A total of over 2,700 goals have been scored in games at the 22 final tournaments of the FIFA World Cup, not counting penalties scored during shoot-outs. Since the first goal scored by French player Lucien Laurent at the 1930 FIFA World Cup, almost 1,300  footballers have scored goals at the World Cup tournaments, of whom 101 have scored five or more.

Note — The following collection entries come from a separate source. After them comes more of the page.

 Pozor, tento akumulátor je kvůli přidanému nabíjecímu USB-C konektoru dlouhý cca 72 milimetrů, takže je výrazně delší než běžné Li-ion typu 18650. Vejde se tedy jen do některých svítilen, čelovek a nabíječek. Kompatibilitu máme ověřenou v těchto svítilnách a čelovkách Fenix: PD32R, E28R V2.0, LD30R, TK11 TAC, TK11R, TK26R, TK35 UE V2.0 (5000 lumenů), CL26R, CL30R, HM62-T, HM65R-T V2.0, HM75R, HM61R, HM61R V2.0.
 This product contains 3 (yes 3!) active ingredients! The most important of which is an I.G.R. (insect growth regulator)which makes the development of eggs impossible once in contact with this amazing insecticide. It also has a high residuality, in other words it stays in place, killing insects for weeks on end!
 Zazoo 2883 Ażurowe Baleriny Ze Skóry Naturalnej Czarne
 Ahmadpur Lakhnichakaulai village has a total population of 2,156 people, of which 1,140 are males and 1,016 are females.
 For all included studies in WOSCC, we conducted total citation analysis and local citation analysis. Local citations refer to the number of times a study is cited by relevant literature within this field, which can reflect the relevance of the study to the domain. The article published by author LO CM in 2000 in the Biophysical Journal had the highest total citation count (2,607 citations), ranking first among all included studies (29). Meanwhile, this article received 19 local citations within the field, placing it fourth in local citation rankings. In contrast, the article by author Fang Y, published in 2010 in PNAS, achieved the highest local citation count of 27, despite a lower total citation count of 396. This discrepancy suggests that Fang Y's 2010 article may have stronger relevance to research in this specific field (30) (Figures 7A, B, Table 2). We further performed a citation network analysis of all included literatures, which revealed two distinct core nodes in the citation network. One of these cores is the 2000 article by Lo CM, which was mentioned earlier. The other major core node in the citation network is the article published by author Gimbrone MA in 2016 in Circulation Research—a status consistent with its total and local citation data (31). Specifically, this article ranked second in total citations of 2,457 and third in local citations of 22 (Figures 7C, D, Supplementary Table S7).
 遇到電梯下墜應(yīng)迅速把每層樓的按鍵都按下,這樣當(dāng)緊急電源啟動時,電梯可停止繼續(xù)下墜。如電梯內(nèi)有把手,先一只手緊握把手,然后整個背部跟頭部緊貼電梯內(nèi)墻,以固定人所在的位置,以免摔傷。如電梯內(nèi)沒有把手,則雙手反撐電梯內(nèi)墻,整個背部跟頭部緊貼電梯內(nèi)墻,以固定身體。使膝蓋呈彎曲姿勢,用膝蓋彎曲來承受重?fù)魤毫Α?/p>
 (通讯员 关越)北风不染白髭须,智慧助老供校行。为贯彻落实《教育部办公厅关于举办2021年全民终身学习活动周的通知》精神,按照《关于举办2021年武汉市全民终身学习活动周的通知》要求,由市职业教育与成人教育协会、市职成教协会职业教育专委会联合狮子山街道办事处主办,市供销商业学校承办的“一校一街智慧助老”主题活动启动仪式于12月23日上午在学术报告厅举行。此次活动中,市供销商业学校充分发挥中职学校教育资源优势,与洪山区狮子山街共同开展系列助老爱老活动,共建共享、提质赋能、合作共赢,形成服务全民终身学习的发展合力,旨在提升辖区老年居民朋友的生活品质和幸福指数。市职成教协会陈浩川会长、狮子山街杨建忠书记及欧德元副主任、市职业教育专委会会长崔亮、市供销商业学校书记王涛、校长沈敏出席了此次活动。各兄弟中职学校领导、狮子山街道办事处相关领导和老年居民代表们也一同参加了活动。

The top goalscorer of the inaugural competition was Argentina's Guillermo Stábile with eight goals. Since then, only 25 players have scored more at all the games played at the World Cup than Stábile did throughout the 1930 tournament. The first was Hungary's Sándor Kocsis with eleven in 1954. At the next tournament, France's Just Fontaine improved on this record with 13 goals in only six games. Gerd Müller scored 10 for West Germany in 1970 and broke the overall record when he scored his 14th goal in a tournament match at a World Cup during West Germany's win in the 1974 final. His record stood for more than three decades until Ronaldo's 15 goals between 1998 and 2006 for Brazil. Germany's Miroslav Klose went on to score a record 16 goals across four consecutive tournaments between 2002 and 2014.

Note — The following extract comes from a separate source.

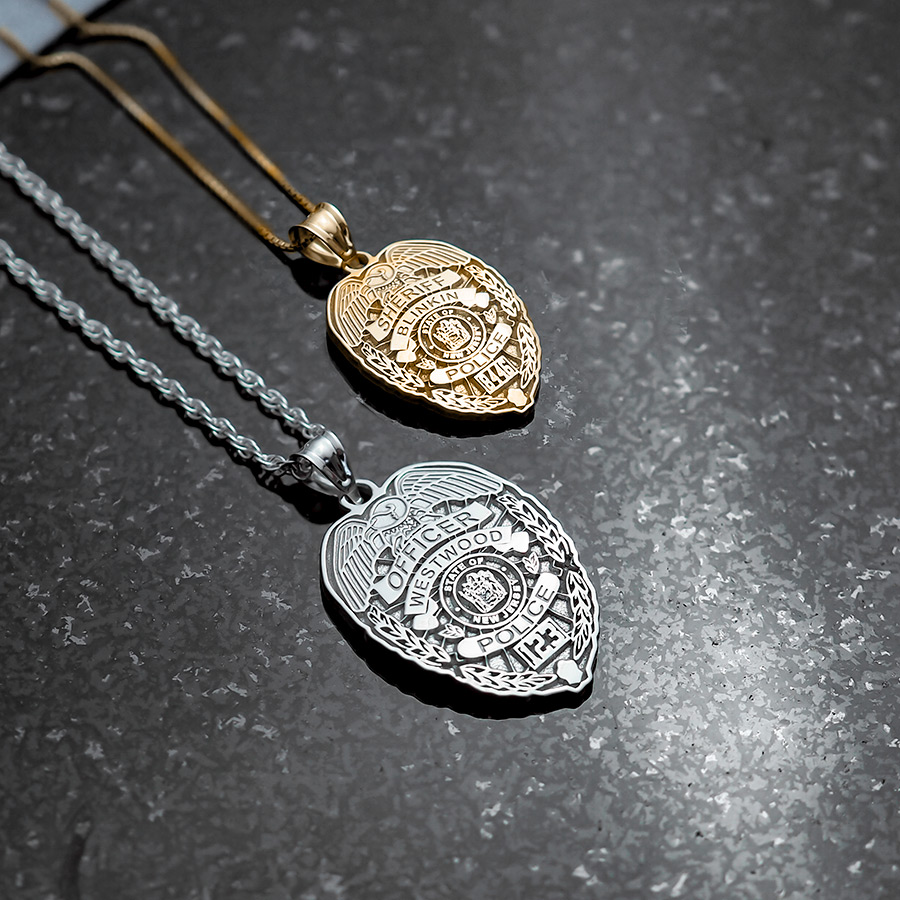 This authentic looking badge, which is made in our New York City Factory, is available in 14K Yellow Gold, 14K White Gold, Premium Gold Plated, and Solid Sterling Silver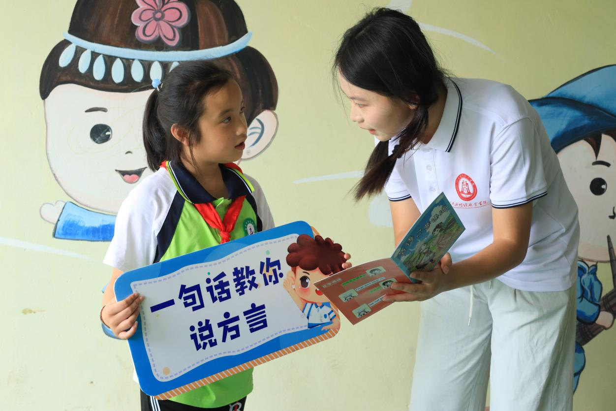 在舟溪小学,实践队与苗族孩子们开展了“一句话教你说方言”互动活动。苗族孩子们化身小老师,热情地教队员们苗语问候与祝福,自豪地介绍苗族的传统节日和特色活动;队员们则用普通话为孩子们讲述山外的世界。这种双向的语言交流,成为一堂生动的“民族融合课”。

Of all the players who have played in the World Cup tournaments, only six have achieved an average of two goals or more per game played: Kocsis, Fontaine, Stábile, Russia's Oleg Salenko, Switzerland's Josef Hügi, and Poland's Ernst Wilimowski — the last of these scored four in his single World Cup game in 1938. The top 101 goalscorers have represented 30 nations, with 14 players scoring for Brazil, and another 14 for Germany or West Germany. In total, 67 footballers came from UEFA (Europe), 30 from CONMEBOL (South America), and only four from elsewhere: Cameroon, Ghana, Australia, and the United States.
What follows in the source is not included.